Tesla M40 Multi-GPU Performance Issue


I have a a program that runs identical CUDA code (on different sets of data
of the same size) on 2 GPUs for multiple iterations.

In each iteration:

  • Copy data array 0 from CPU to GPU 0 and data array 1 to GPU 1
  • Use cuFFT to compute convolution of the input data and a filter (the filter is previously computed and stored on each GPU)
  • Copy convolution results back to CPU

When running using 2 Tesla M40s, the performance is good at the
beginning, but after ~20 iterations, GPU 1 starts slowing down and get upto
4.5x worse, while GPU 0 remains to perform well consistently throughout all
the iterations.

Performance problem details
After ~20 iterations all operations (involving GPU 1) are slow, including:

  • Data movement between host and device 1 (via cudaMemcpy())
  • 3D FFT and IFFT using cuFFT
  • Point-wise multiplication

I tried running the same program on 2 Tesla K80s. The performances are
consistent across both GPUs and throughout all the iterations on this node.

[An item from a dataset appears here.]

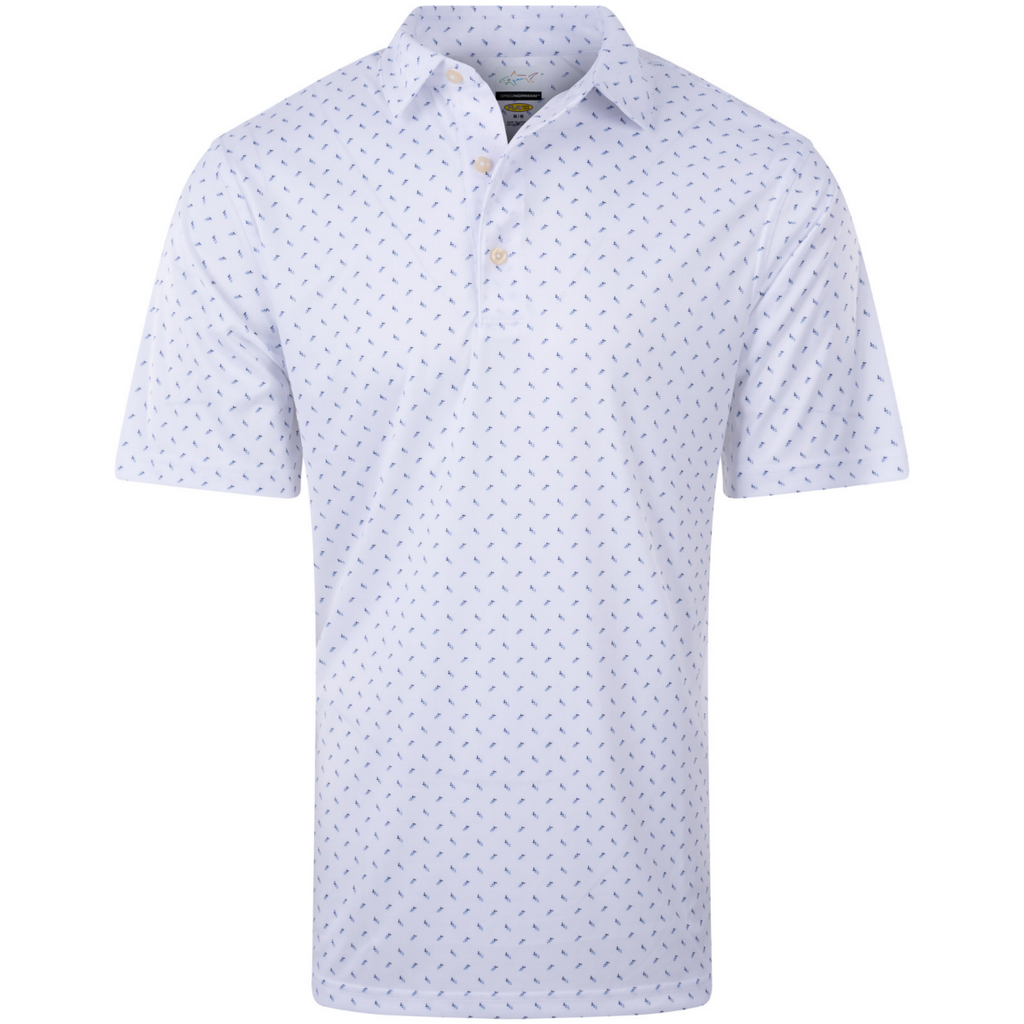 Greg Norman Tee Print G7S23KX06 heren polo. Dit poloshirt met all-over print is uitgerust met PlayDry-vochtregulatie om u koel, droog en comfortabel te houden, met geavanceerde ML75 Microlux. De meest comfortabele vochtafvoerende technische stof in golf, met een luxe uitstraling en handgevoel. Het biedt bewegingsvrijheid en is licht van gewicht.

Has anyone had the same problem? Any insights or suggestions on how to investigate this further would be
highly appreciated.

During the slowdown, take a look at the output of nvidia-smi -a in that case/for that time. Take a look at the GPU temperature and also whether any clock slowdown reasons are listed - also compare clock speeds between that case and the “normal” case.